── Task inputs
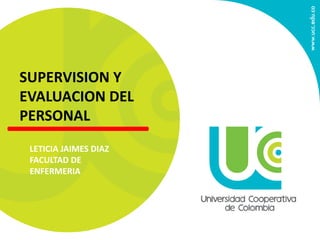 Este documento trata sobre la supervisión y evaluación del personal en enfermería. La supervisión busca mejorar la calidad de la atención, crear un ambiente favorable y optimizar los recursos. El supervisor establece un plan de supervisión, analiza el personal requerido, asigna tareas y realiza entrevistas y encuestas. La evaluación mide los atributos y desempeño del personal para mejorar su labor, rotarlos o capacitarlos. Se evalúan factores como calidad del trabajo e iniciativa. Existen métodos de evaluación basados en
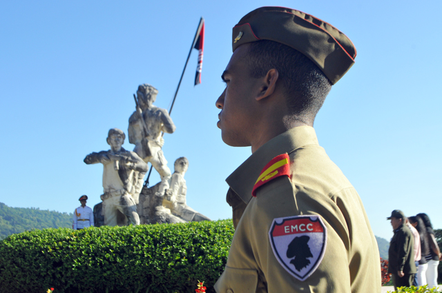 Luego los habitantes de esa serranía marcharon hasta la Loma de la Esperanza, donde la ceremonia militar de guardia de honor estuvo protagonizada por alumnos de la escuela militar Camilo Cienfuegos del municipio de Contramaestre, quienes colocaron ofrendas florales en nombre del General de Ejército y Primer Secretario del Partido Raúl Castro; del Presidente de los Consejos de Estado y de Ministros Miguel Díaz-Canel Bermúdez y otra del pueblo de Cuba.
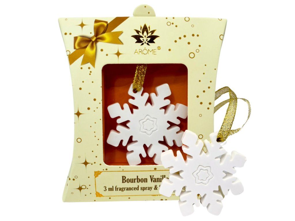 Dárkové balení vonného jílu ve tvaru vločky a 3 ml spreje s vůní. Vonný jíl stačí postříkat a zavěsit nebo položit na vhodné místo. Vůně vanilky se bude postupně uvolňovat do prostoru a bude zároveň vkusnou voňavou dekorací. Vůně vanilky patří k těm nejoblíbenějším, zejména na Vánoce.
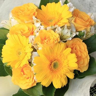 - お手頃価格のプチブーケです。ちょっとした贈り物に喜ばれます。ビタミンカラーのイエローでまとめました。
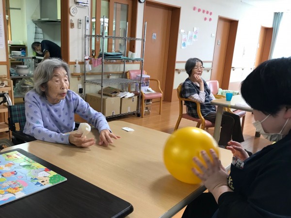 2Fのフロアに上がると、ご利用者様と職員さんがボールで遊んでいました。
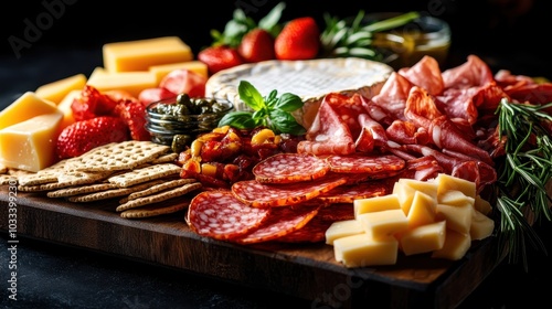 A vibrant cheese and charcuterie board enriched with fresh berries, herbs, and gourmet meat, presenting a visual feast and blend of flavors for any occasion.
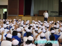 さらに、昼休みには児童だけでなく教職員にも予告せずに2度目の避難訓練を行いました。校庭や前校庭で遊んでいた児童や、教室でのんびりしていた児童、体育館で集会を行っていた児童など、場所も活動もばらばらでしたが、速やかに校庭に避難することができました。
────
→ Task statement
Copy the records exactly, leaving out every picture.

→ Written response
 Este documento trata sobre la supervisión y evaluación del personal en enfermería. La supervisión busca mejorar la calidad de la atención, crear un ambiente favorable y optimizar los recursos. El supervisor establece un plan de supervisión, analiza el personal requerido, asigna tareas y realiza entrevistas y encuestas. La evaluación mide los atributos y desempeño del personal para mejorar su labor, rotarlos o capacitarlos. Se evalúan factores como calidad del trabajo e iniciativa. Existen métodos de evaluación basados en
 Luego los habitantes de esa serranía marcharon hasta la Loma de la Esperanza, donde la ceremonia militar de guardia de honor estuvo protagonizada por alumnos de la escuela militar Camilo Cienfuegos del municipio de Contramaestre, quienes colocaron ofrendas florales en nombre del General de Ejército y Primer Secretario del Partido Raúl Castro; del Presidente de los Consejos de Estado y de Ministros Miguel Díaz-Canel Bermúdez y otra del pueblo de Cuba.
 Dárkové balení vonného jílu ve tvaru vločky a 3 ml spreje s vůní. Vonný jíl stačí postříkat a zavěsit nebo položit na vhodné místo. Vůně vanilky se bude postupně uvolňovat do prostoru a bude zároveň vkusnou voňavou dekorací. Vůně vanilky patří k těm nejoblíbenějším, zejména na Vánoce.
 - お手頃価格のプチブーケです。ちょっとした贈り物に喜ばれます。ビタミンカラーのイエローでまとめました。
 2Fのフロアに上がると、ご利用者様と職員さんがボールで遊んでいました。
 A vibrant cheese and charcuterie board enriched with fresh berries, herbs, and gourmet meat, presenting a visual feast and blend of flavors for any occasion.
 さらに、昼休みには児童だけでなく教職員にも予告せずに2度目の避難訓練を行いました。校庭や前校庭で遊んでいた児童や、教室でのんびりしていた児童、体育館で集会を行っていた児童など、場所も活動もばらばらでしたが、速やかに校庭に避難することができました。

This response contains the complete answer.